**RECORD SET**
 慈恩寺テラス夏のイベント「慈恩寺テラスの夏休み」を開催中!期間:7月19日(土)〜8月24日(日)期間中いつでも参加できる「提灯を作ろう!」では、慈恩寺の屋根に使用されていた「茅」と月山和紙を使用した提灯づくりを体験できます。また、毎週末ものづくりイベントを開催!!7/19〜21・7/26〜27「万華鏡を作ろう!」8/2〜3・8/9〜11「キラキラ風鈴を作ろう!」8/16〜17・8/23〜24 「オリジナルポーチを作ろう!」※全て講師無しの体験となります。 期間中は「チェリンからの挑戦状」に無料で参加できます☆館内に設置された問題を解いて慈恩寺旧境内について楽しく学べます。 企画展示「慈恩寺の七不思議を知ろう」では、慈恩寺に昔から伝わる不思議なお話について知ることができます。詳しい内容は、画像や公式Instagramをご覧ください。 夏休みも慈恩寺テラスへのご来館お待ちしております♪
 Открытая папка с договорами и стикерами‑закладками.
* * *
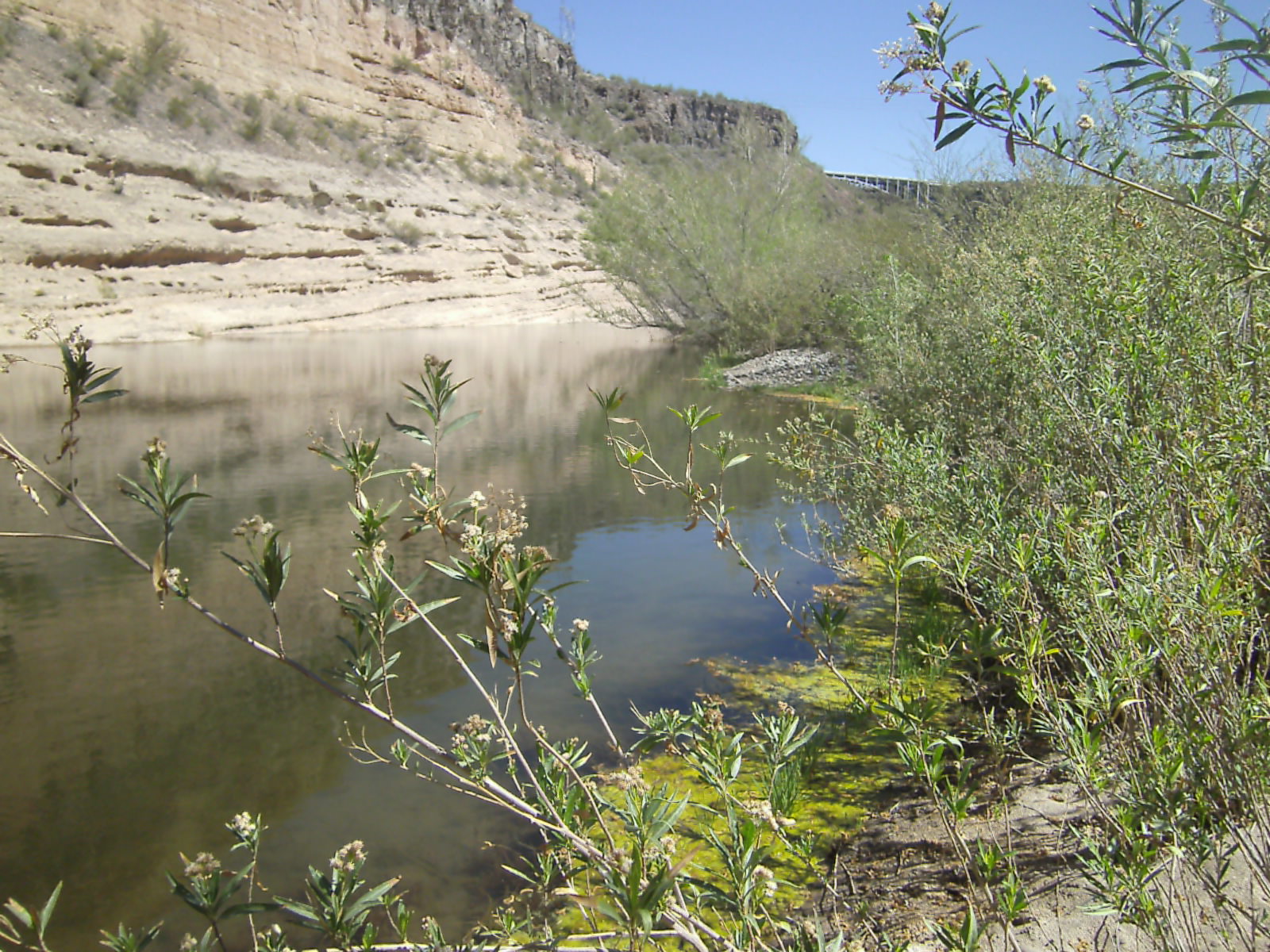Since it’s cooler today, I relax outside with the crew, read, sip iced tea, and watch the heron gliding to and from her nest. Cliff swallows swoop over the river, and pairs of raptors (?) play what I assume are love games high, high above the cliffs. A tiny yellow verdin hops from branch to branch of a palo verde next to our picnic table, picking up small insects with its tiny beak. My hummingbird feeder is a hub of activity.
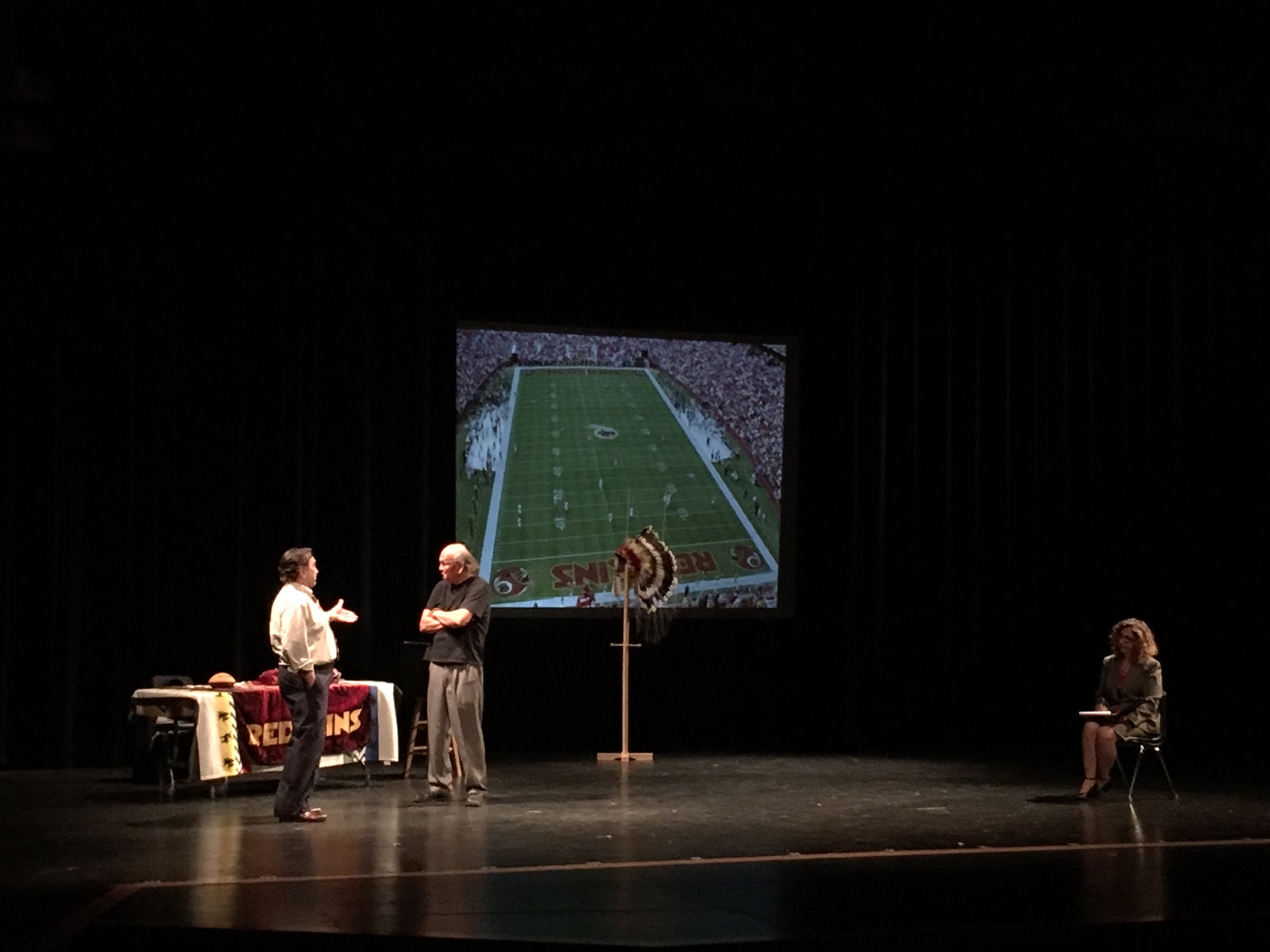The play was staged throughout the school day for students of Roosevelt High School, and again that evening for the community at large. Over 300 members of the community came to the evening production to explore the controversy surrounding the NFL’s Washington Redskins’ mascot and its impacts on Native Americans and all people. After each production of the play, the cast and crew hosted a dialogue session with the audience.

**WORK TO BE COMPLETED**
Which lines run from the one holding "慈恩寺テラス夏のイベント「慈" through the one holding "Открытая папка с" in the records above? Repeat them exactly, both included, and nothing more.

**FINAL ANSWER**
 慈恩寺テラス夏のイベント「慈恩寺テラスの夏休み」を開催中!期間:7月19日(土)〜8月24日(日)期間中いつでも参加できる「提灯を作ろう!」では、慈恩寺の屋根に使用されていた「茅」と月山和紙を使用した提灯づくりを体験できます。また、毎週末ものづくりイベントを開催!!7/19〜21・7/26〜27「万華鏡を作ろう!」8/2〜3・8/9〜11「キラキラ風鈴を作ろう!」8/16〜17・8/23〜24 「オリジナルポーチを作ろう!」※全て講師無しの体験となります。 期間中は「チェリンからの挑戦状」に無料で参加できます☆館内に設置された問題を解いて慈恩寺旧境内について楽しく学べます。 企画展示「慈恩寺の七不思議を知ろう」では、慈恩寺に昔から伝わる不思議なお話について知ることができます。詳しい内容は、画像や公式Instagramをご覧ください。 夏休みも慈恩寺テラスへのご来館お待ちしております♪
 Открытая папка с договорами и стикерами‑закладками.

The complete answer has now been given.